GOP leaders have characterized the AHCA as a binary choice for their colleagues: either support the bill or support the existing health care system by default. Jacobs is not buying that argument.
“That’s a false choice, the idea that we must do something, that this is something therefore we must do this has a flaw in that logic,” said Jacobs.
Sponsors of the AHCA say getting rid of the insurance regulations or “Obamacare architecture” is outside the bounds of what can be moved through reconciliation. Jacobs says the handling of this very bill proves that is not true.
“I understand the limitations of the reconciliation process, but you have to at least try to repeal the major insurance regulations that are in there. The bill amends some of them, repeals some of them and leaves others in place. It’s an ideologically inconsistent position,” said Jacobs.
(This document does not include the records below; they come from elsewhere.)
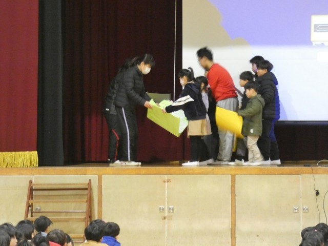 児童集会で、給食委員会が発表をしました。「給食委員会の仕事の紹介」「給食クイズ」をし、最後に給食調理員さんに感謝の気持ちを伝えました。
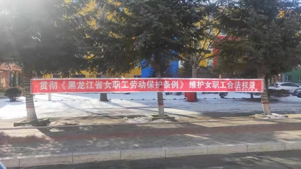 在主要街道懸掛“貫徹《黑龍江省女職工勞動(dòng)保護(hù)條例》 維護(hù)女職工合法權(quán)益”宣傳條幅,提示廣大職工知曉《黑龍江省女職工勞動(dòng)保護(hù)條例》,提醒、督促各單位認(rèn)真貫徹執(zhí)行條例,維護(hù)女職工合法權(quán)益。
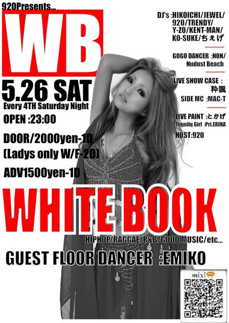 〜920 PRESENTS.〜 【WHITE BOOK 7th. 】 @ 越谷CACHE CACHE DATE: 2012.5.26.SAT TIME: OPEN 23:00 CLOSE 5:00 PRICE: DOOR/2000yen-1D ADV 1500-1D(Ladys only W/F‐2D) GENRE: Hip Hop/R&B/Reggae/Good Music/etc... 【GUEST FLOOR DANCER】 EMIKO 【DJs】 HIKOICHI JEWEL KENT-MAN TRENDY Y-zo KO-SUKE ちぇげ (from CACHE CACHE) 【GOGO DANCER】 NON Nudist Beach 【SIDE MC】 MAC-T 【LIVE PAINT】 とかげ 【Tequila Girl】 Pri.ERINA 【HOST】 920 開催場所は埼玉トップ
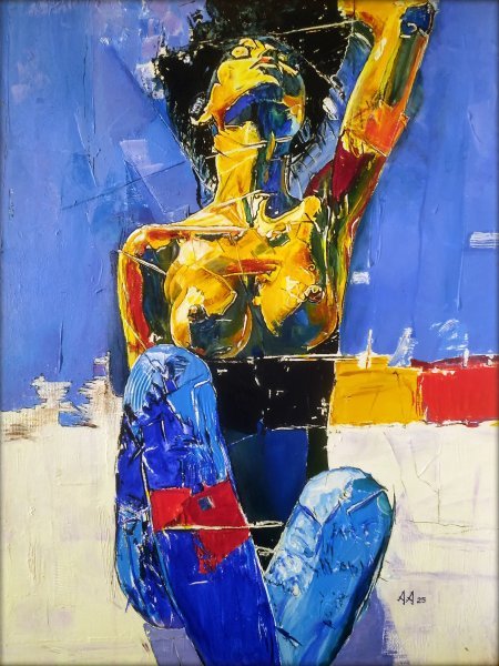 Professional artist from Ukraine, now working in Kyiv. His first solo exhibition took place in 1979, featuring a series of stained glass windows at a student club. Since then, he has participated in numerous group exhibitions, competitions, and is represented in both permanent and solo expositions. Aksyonov’s creative interests extend beyond painting to invention, music, choreography, sports. In 2017, he became the Ukrainian ballroom dancing champion. He believes the theme of dance is underrepresented in visual art, which inspires him to explore it in his work. His paintings often center on women—dancers who embody love, expectation, passion, and the fragile beauty of life’s fleeting moments. Through expressionist collages of color and form, he reflects the emotions evoked by feminine grace. His works invite viewers to rediscover joy, hope, and faith in creation through the luminous energy of movement and the beauty of the human spirit.
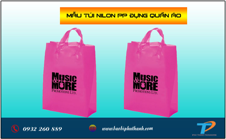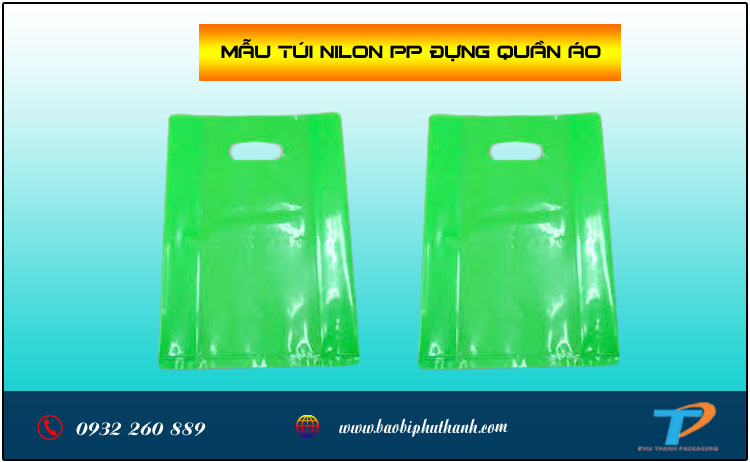 Túi nilon PP là loại túi ni lông được sản xuất từ hạt Polypropylene. Túi PP trong, có độ dai tốt có thể sản xuất các kích thước và mẫu mã khác nhau tùy theo nhu cầu của người dùng. Túi PP không độc hại, tồn tại trong tự nhiên với thời gian ngắn hơn túi PE.
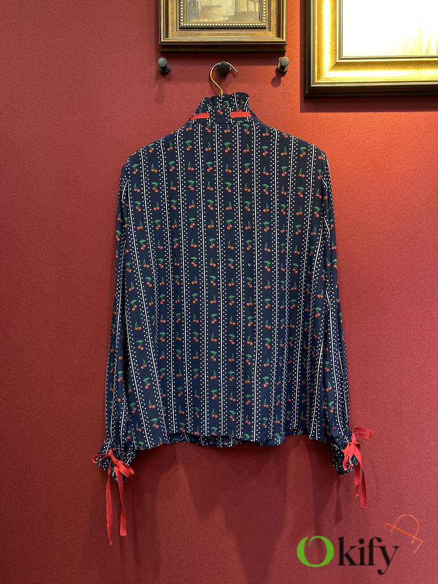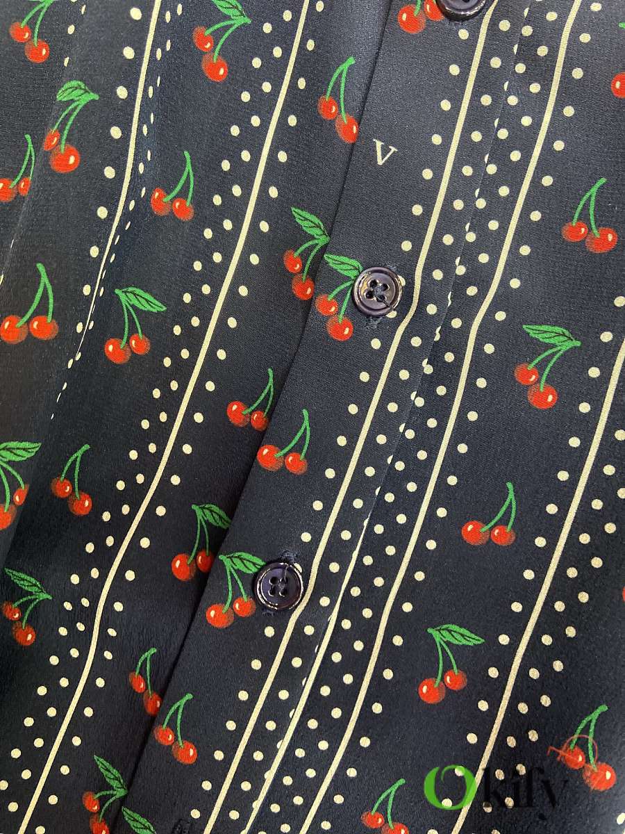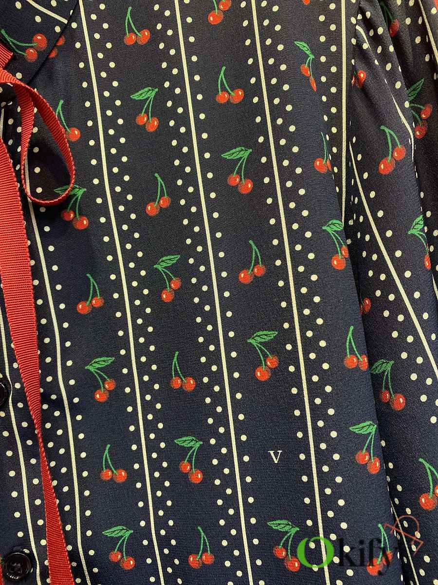Okify Valentino Dark Blue Silk Cherry Women Shirt
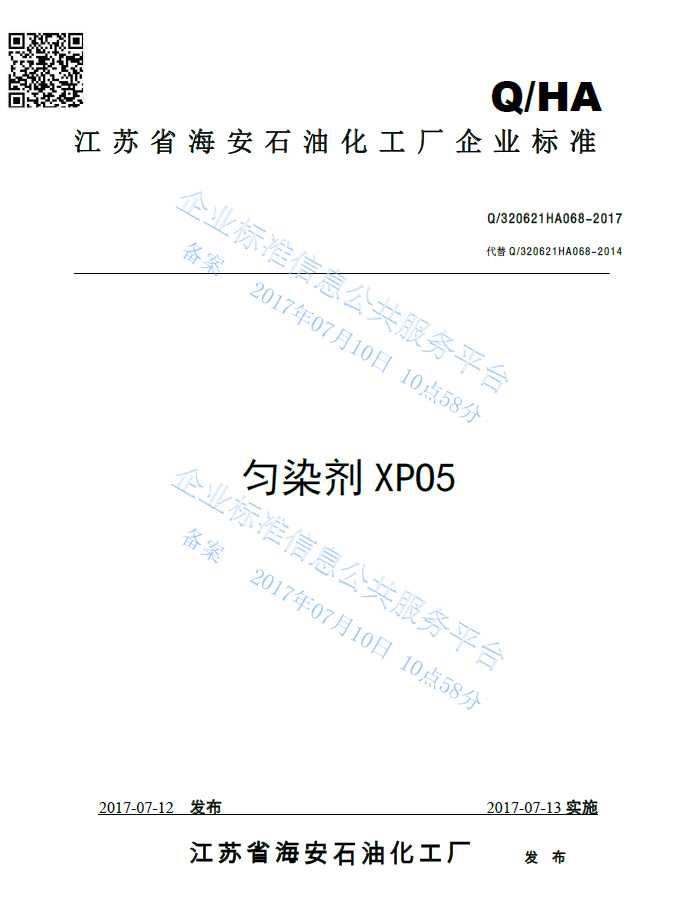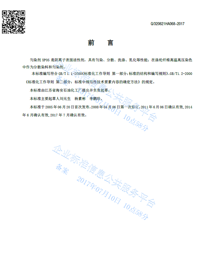 Q/320621HA068-2017 匀染剂XP05产品标准

“If your position is we can’t do any of this because of Senate procedures, then why are we repealing some of them and modifying some of them. If you can modify them, you can repeal them,” he said.
McClintock finally got on board with the AHCA after successfully sponsoring an amendment in the House Budget Committee that would provide an additional $75 billion to help people afford health insurance as they transition from Obamacare subsidies to tax credits if the new bill becomes law. He is also confident that within a few years, Americans will start to see noticeable price decreases in health coverage.
But that same manager’s amendment that satisfied McClintock also contains language that could threaten benefits for up to seven million veterans. Jacobs says the technical glitch in the language shows the need to slow down the rush to pass the legislation and avoid ugly surprises after it becomes law, similar to what occurred with Obamacare.
As the furious battle for votes plays out, Jacobs hopes leaders pull back and rework the bill to honor the original campaign promises.
“There are folks negotiating now as we speak in the Freedom Caucus to repeal some of the insurance regulations and the mandates. Hopefully that succeeds and we get to a better bill that conservatives can support,” said Jacobs.
McClintock says Republicans should not let the perfect be the enemy of the good.
“When you pull together a group of people to benefit from their combined wisdom, unfortunately you’re also going to get their combined follies, prejudices and misjudgments. You can never get a perfect product out of this process. What you can get is the product that is the most acceptable and moves us forward,” said McClintock.